----- Material for this exercise

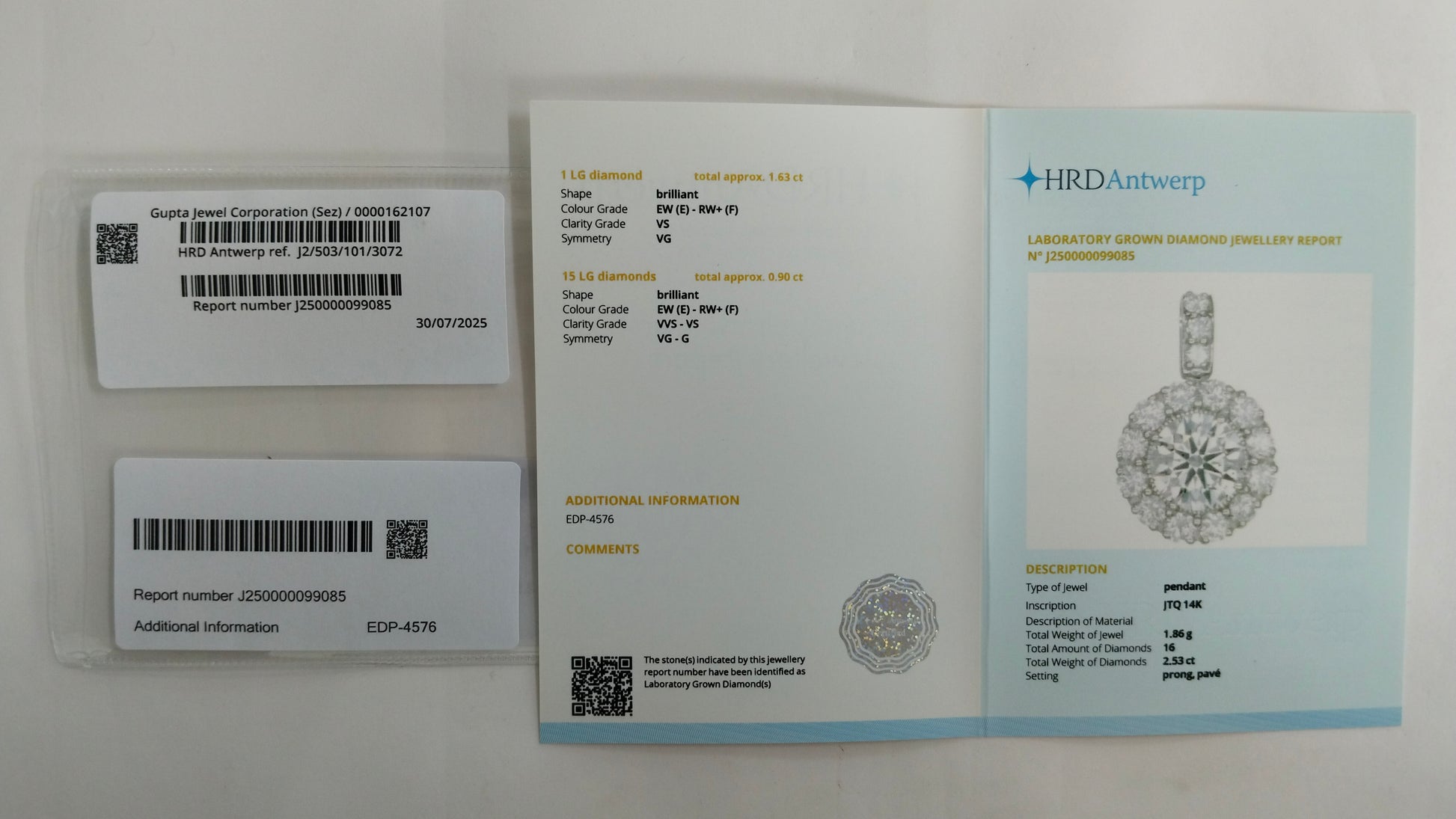 2.53-Carat Lab-Grown Diamond Round Brilliant Pendant - HRD Certified
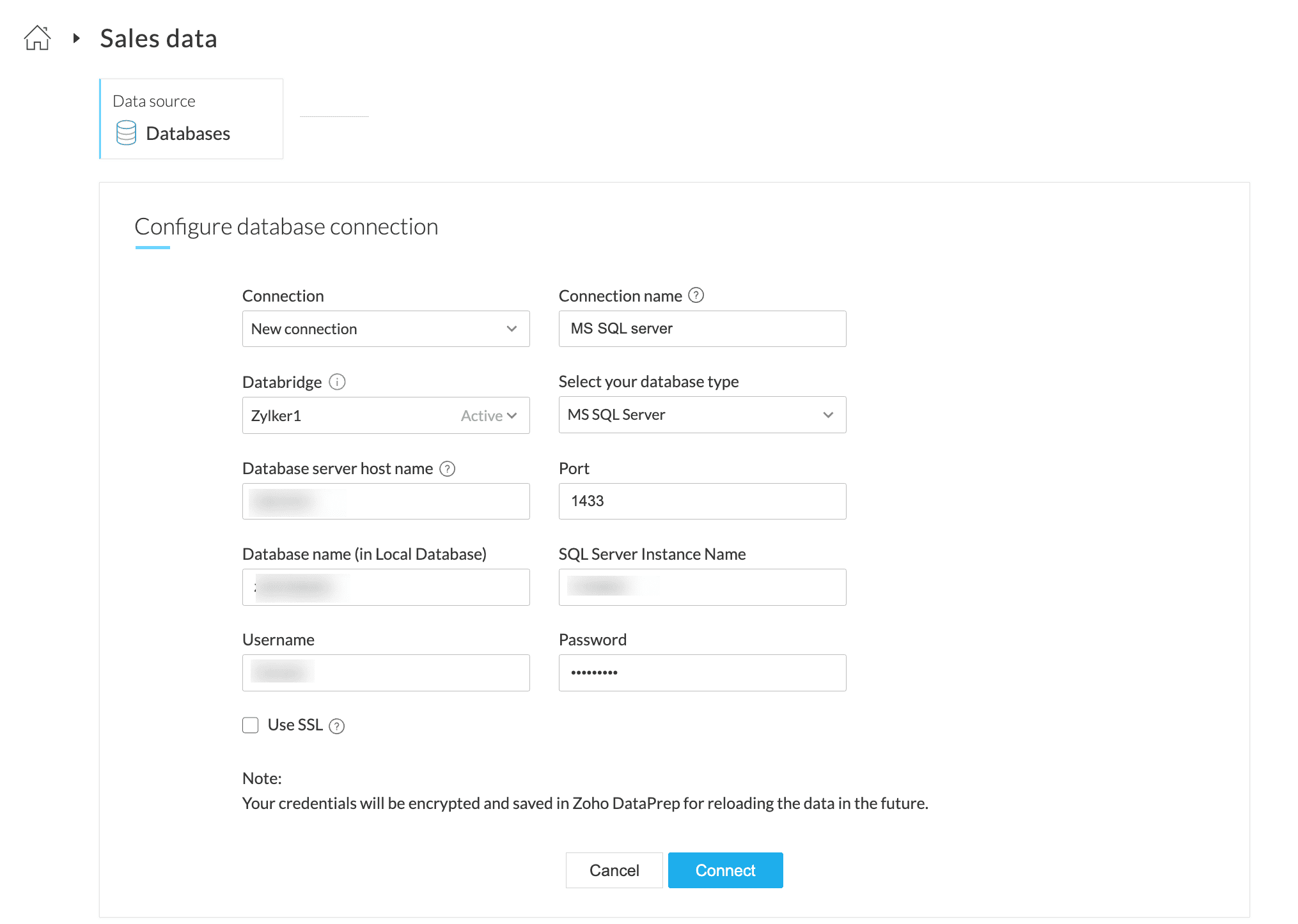 Note: You can also select the Use SSL checkbox if your database server has been setup to serve encrypted data through SSL.
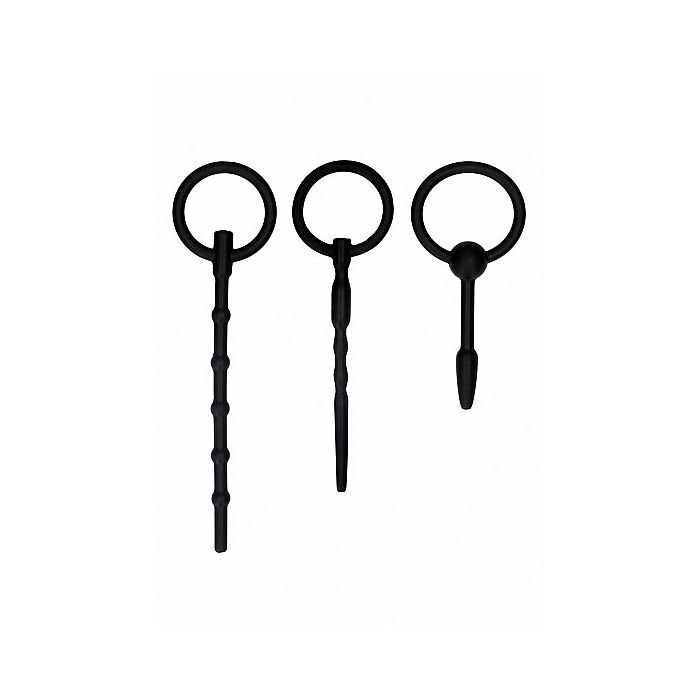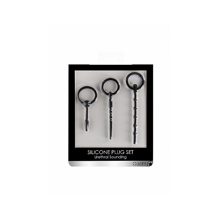Deze Ouch! urethral sounding plug set bestaat uit drie flexibele siliconen dilators van hoge kwaliteit. Dankzij de verschillende afmetingen kan je eindeloos experimenteren met deze set. Geniet van extra stimulerende texturen voor intens genot. Dankzij de handige ringen kan je de dilators eenvoudig verwijderen. Let op: gebruik uitslutiend een glijmiddel op waterbasis.
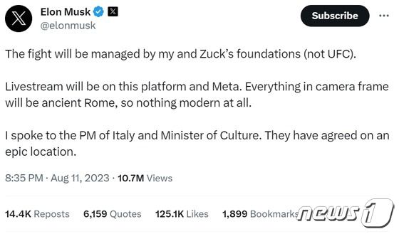 앞서 머스크는 지난 6월 저커버그에게 케이지 결투를 제안했고, 저커버그가 이에 응함에 따라 세기의 대결이 성사됐다.
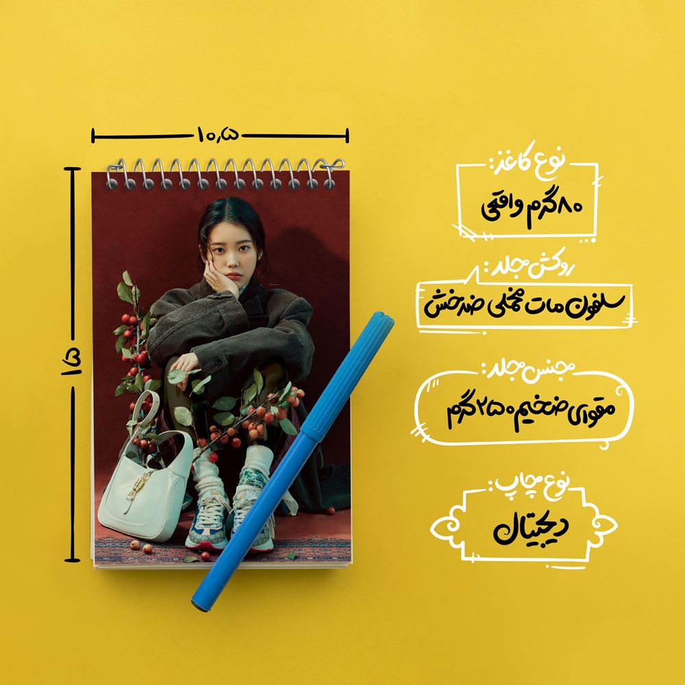 برند خندالو در زمینه تولید انواع دفاتر فانتزی و تحصیلی فعالیت میکند که به دلیل جذابیت ظاهری و طرح های متنوع طرفداران زیادی دارد. دفتر یادداشت خندالو طرح آیو IU محصولی مناسب برای همه عاشقان لوازم التحریر است و همچنین همه کسانی که بنا به موقعیت تحصیل یا شغلشان با دفتر و نوشت افزار زیاد سر و کار دارند. در تولید دفتر یادداشت خندالو طرح آیو IU از نوع صحافی فنر مارپیچ استفاده شده که در این نوع صحافی برگه‌ها به راحتی چرخیده و یا بیرون آورده می شوند.
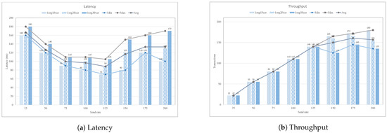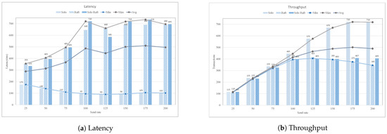 Figure 15a shows the minimum, maximum, and average latency with different transaction send rate. Similarly, Figure 15b presents the throughput of solo, raft, and solo-raft in terms of minimum, maximum, and average throughput. It is found from the graph that the solo order achieves the higher throughput among other ordering services, because it has single node that does not require an additional TLS mechanism.
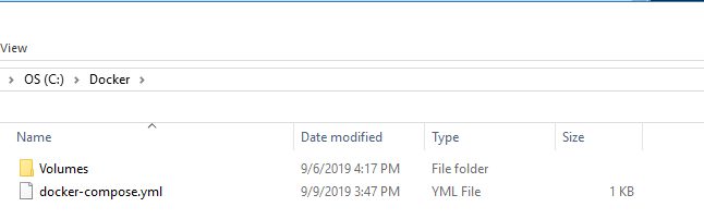 I saved that docker-compose file in the C:\Docker folder on my hard drive:
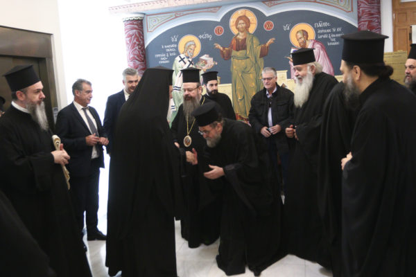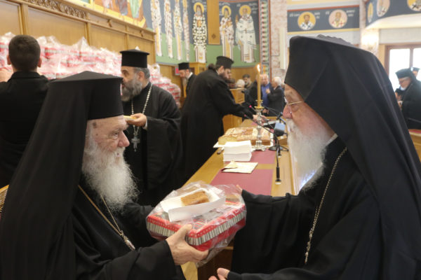 Ακολούθως οι Κληρικοί και οι λαϊκοί Υπάλληλοι των Γραφείων της Ιεράς Συνόδου αντευχήθηκαν στον Μακαριώτατο, λαμβάνοντας από εκείνον παραδοσιακά εορταστικά εδέσματα.
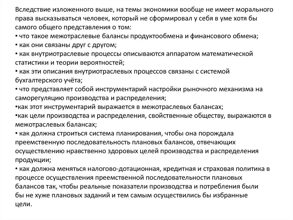 Вследствие изложенного выше, на темы экономики вообще не имеет моральногоправа высказываться человек, который не сформировал у себя в уме хотя бы
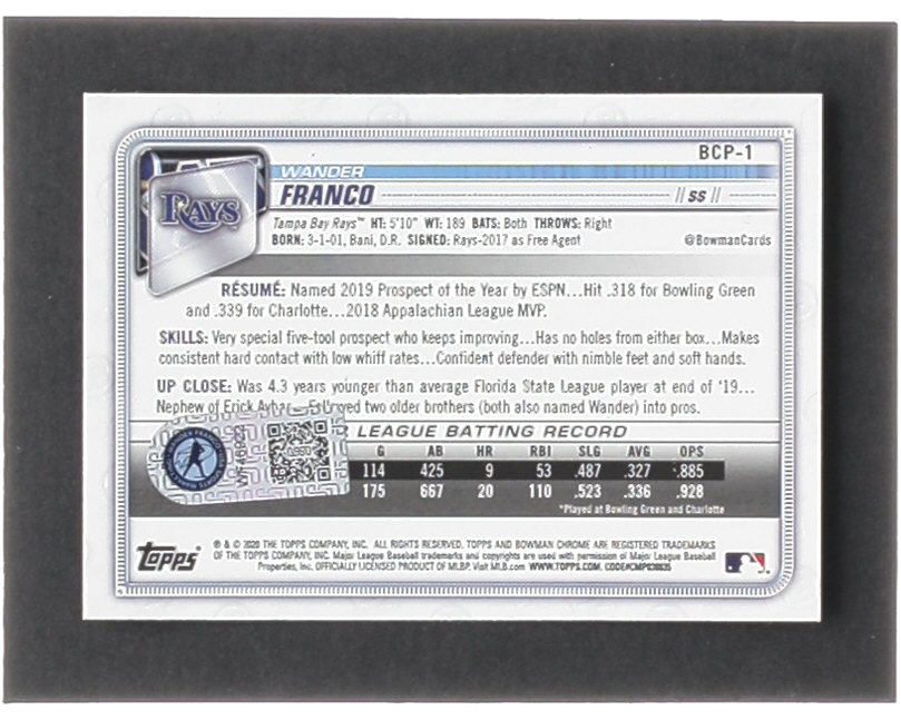 Wander Franco Signed 2020 Bowman Chrome Mega Box Prospects Refractors #BCP1 (Franco)
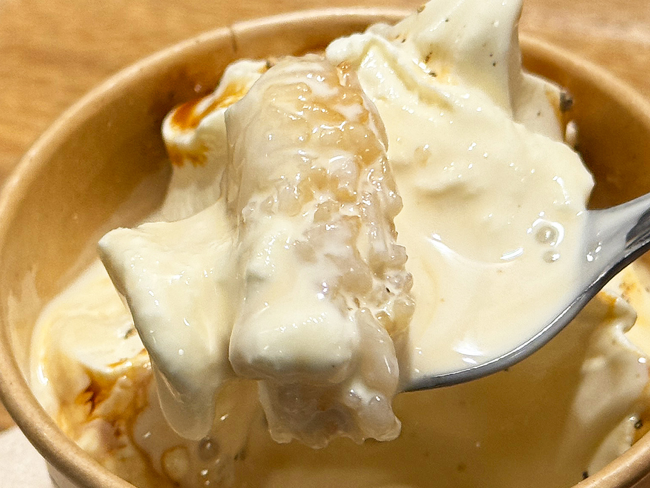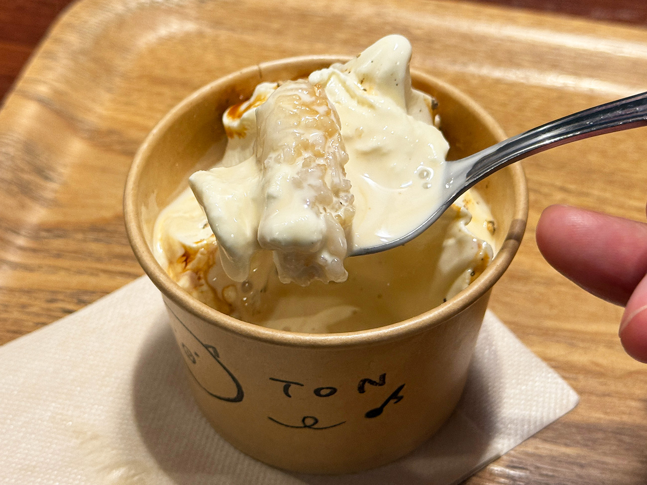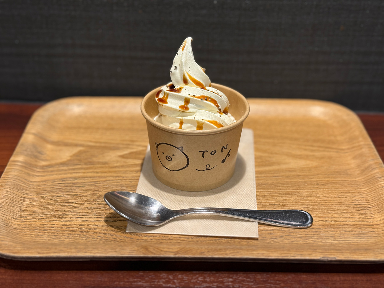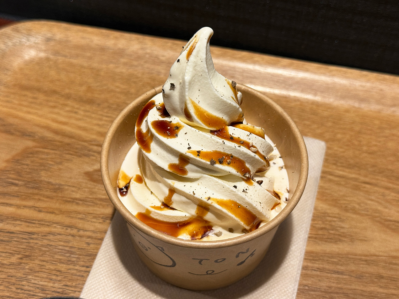 するとどうでしょう。濃厚なミルクソフトに豚丼のタレが調和し、なんとなくミルクの甘さが際立っている気がしますし、ブラックペッパーの刺激が実に絶妙なアクセント。甘さを半ば強引にピリッと引き締めてくれているのです。
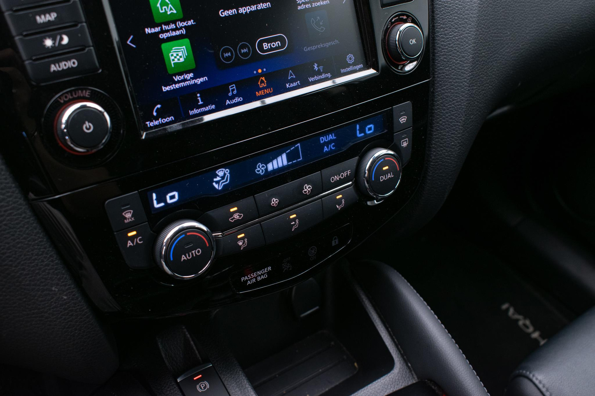 Het gebruik van de 360 graden camera op deze auto zorgt voor een groter gezichtsveld en helpt de dode hoeken te elimineren. Het full map navigatiesysteem en het audio-installatiesysteem (met DAB-ontvangst!) bedient u met knoppen op het stuur of met gesproken commando's. Tot de standaard uitrusting van deze auto hoort ook automatische airconditioning. De parkeersensoren waarschuwen wanneer u te krap inparkeert of dat ene paaltje niet hebt gezien. De elektronische systemen in deze Nissan helpen u actief om comfortabeler te rijden. Een automatisch inschakelbare verlichting en een regensensor houden de omstandigheden onderweg in de gaten. Deze auto is voorzien van cruise control, keyless entry, automatisch dimmende binnenspiegel en lederen stuur en versnellingspook.

----------

What to do: Reproduce every entry exactly, but omit each picture.

Answer box:
 2.53-Carat Lab-Grown Diamond Round Brilliant Pendant - HRD Certified
 Note: You can also select the Use SSL checkbox if your database server has been setup to serve encrypted data through SSL.
Deze Ouch! urethral sounding plug set bestaat uit drie flexibele siliconen dilators van hoge kwaliteit. Dankzij de verschillende afmetingen kan je eindeloos experimenteren met deze set. Geniet van extra stimulerende texturen voor intens genot. Dankzij de handige ringen kan je de dilators eenvoudig verwijderen. Let op: gebruik uitslutiend een glijmiddel op waterbasis.
 앞서 머스크는 지난 6월 저커버그에게 케이지 결투를 제안했고, 저커버그가 이에 응함에 따라 세기의 대결이 성사됐다.
 برند خندالو در زمینه تولید انواع دفاتر فانتزی و تحصیلی فعالیت میکند که به دلیل جذابیت ظاهری و طرح های متنوع طرفداران زیادی دارد. دفتر یادداشت خندالو طرح آیو IU محصولی مناسب برای همه عاشقان لوازم التحریر است و همچنین همه کسانی که بنا به موقعیت تحصیل یا شغلشان با دفتر و نوشت افزار زیاد سر و کار دارند. در تولید دفتر یادداشت خندالو طرح آیو IU از نوع صحافی فنر مارپیچ استفاده شده که در این نوع صحافی برگه‌ها به راحتی چرخیده و یا بیرون آورده می شوند.
 Figure 15a shows the minimum, maximum, and average latency with different transaction send rate. Similarly, Figure 15b presents the throughput of solo, raft, and solo-raft in terms of minimum, maximum, and average throughput. It is found from the graph that the solo order achieves the higher throughput among other ordering services, because it has single node that does not require an additional TLS mechanism.
 I saved that docker-compose file in the C:\Docker folder on my hard drive:
 Ακολούθως οι Κληρικοί και οι λαϊκοί Υπάλληλοι των Γραφείων της Ιεράς Συνόδου αντευχήθηκαν στον Μακαριώτατο, λαμβάνοντας από εκείνον παραδοσιακά εορταστικά εδέσματα.
 Вследствие изложенного выше, на темы экономики вообще не имеет моральногоправа высказываться человек, который не сформировал у себя в уме хотя бы
 Wander Franco Signed 2020 Bowman Chrome Mega Box Prospects Refractors #BCP1 (Franco)
 するとどうでしょう。濃厚なミルクソフトに豚丼のタレが調和し、なんとなくミルクの甘さが際立っている気がしますし、ブラックペッパーの刺激が実に絶妙なアクセント。甘さを半ば強引にピリッと引き締めてくれているのです。
 Het gebruik van de 360 graden camera op deze auto zorgt voor een groter gezichtsveld en helpt de dode hoeken te elimineren. Het full map navigatiesysteem en het audio-installatiesysteem (met DAB-ontvangst!) bedient u met knoppen op het stuur of met gesproken commando's. Tot de standaard uitrusting van deze auto hoort ook automatische airconditioning. De parkeersensoren waarschuwen wanneer u te krap inparkeert of dat ene paaltje niet hebt gezien. De elektronische systemen in deze Nissan helpen u actief om comfortabeler te rijden. Een automatisch inschakelbare verlichting en een regensensor houden de omstandigheden onderweg in de gaten. Deze auto is voorzien van cruise control, keyless entry, automatisch dimmende binnenspiegel en lederen stuur en versnellingspook.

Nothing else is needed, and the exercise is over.